After much emailing, phone conversations and a few brief meetings, Robert, my cycling companion, and I managed to meet at the precise agreed time at the departure platform of San Francisco's airport. Thanks to Robert collecting my bike box the day before, I was able to enjoy the walk down to the Mission station BART with Kristen's help sharing the rest of my load. Being early Sunday morning, the streets were quiet - no towering drag queens or overflowing bars, just dog walkers and sleeping homeless.
Checking in and flying went smoothly, and even the brief escape from the airport in Seattle to find some lunch in the downtown area on a cheap local bus was straightforward. I had a window seat on both legs and with clear conditions, I was able to get a better picture of the immense undertaking we have ahead of us.
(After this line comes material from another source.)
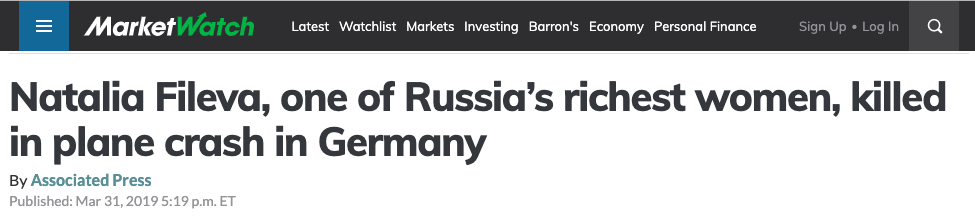 Sunday, Natalia Fileva, ranked as the fourth richest women in Russia by Forbes, died as the six-seat single engine Epic LT she was aboard crashed while making its approach to a business aviation airport near Frankfurt, Germany.

On the flight to Seattle, the snowy volcano cones of mountains Lassen, Shasta, Hood, St Helens, Adams and Garibaldi poked up above the clouds. We looked down over Victoria, on Vancouver Island and Port Angeles – the bay crossing where we will return to the States from Canada. North of there, the mountains marched out into the water on islands and into the distance with steep-sided fjords and gorges. Glaciers, milky-green rimmed lakes (caused by glacial rock ‘flour’) and crocodilian ridgelines reminded me that there will be some chilly and steep parts of the journey back south. Snaking rivers surrounded a paisley pattern of ox-bow lakes suggest some flatter areas.
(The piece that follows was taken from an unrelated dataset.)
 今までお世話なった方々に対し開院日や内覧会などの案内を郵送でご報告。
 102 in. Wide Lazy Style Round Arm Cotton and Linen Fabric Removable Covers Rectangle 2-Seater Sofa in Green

An old friend of Robert's, Penny, gave us a whirlwind tour in the 10pm sunshine, with running commentary of Fairbanks and all the buildings that have been demolished. Maintaining built-heritage is clearly not a priority when new buildings can be bigger and boxier (the Alaska Museum at the University and the airport terminal are the two buildings of architectural note that I saw). As a result, the town has a generic feel. A box town has sprung up on the edge of Fairbanks - a cluster of all America's biggest megastores surrounded by a sea of carparking. We lost hours over the next two days, in these energy-sapping hulks seeking last minute gear and food supplies.
Houses vary from log cabins (more traditional) to simple boxy forms clad in plywood and twee European-style chalets. Windows tend to be minimised to cut out the summer sun and store winter warmth. Yards are spacious with many filled with skeletons of cars and other flotsam. With a very short summer, well kept gardens are a rarity.
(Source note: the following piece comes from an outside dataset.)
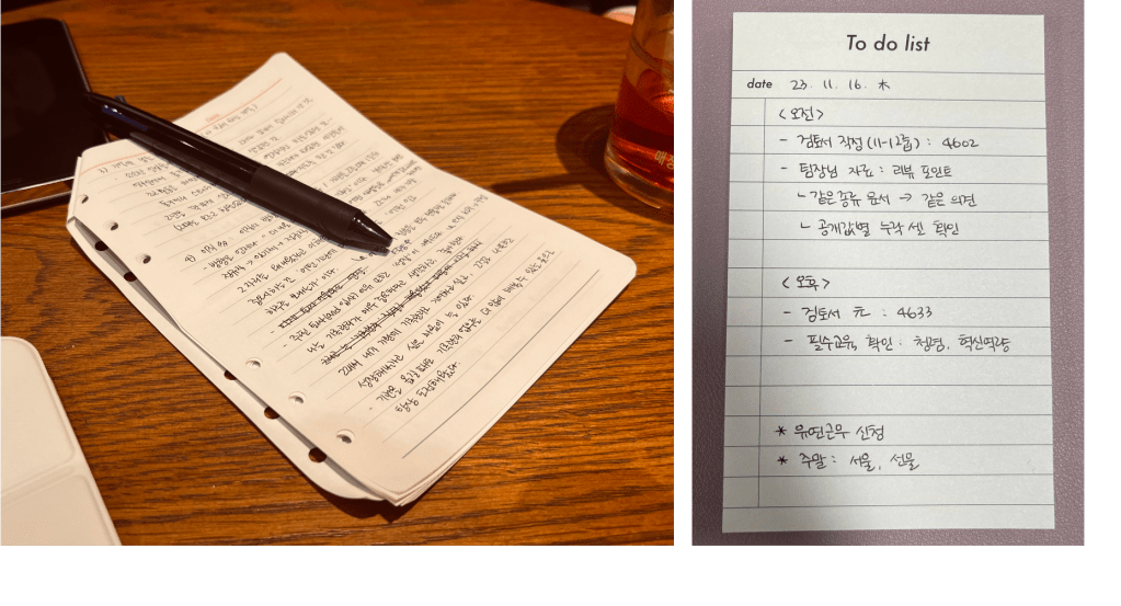 1등으로 출근하는 걸 좋아한다. 불을 켜고, 창문을 열어 환기를 시키고, 스트레칭도 하고. 집에서 가져온 커피도 마시고, 투두 리스트도 쓴다. 오전에 할 일, 오후에 할 일, 확인해야 할 일 등을 적는다.

The town of Fairbanks may not be much of a beauty but its surrounding landscape is completely different from any that I’ve experienced before – rolling hills covered in spruce, birch and aspen with permafrost beneath the spongy ground and views of the distant snow-topped Denali Mountains. Wildflowers are everywhere - wild rose, bluebells and many others.
The days are impossibly long (endless, in fact), and it's easy to lose track of time when the sun is still shining. I fall asleep pretty instantly when I do go to bed, however, but that may be due to the fact that staying up until midnight is easy to do without keeping an eye on a clock. I have a blindfold at the ready for when we start camping tonight.
After 2.5 weeks of public transport, aeroplanes, walking and car travel - all been fun and adventurous - I'm looking forward to finally starting to cycling this morning towards Haines. Robert seems like the perfect cycling companion. Let's see how we go when we start pedalling!
Time to load up my bike and give it a test ride.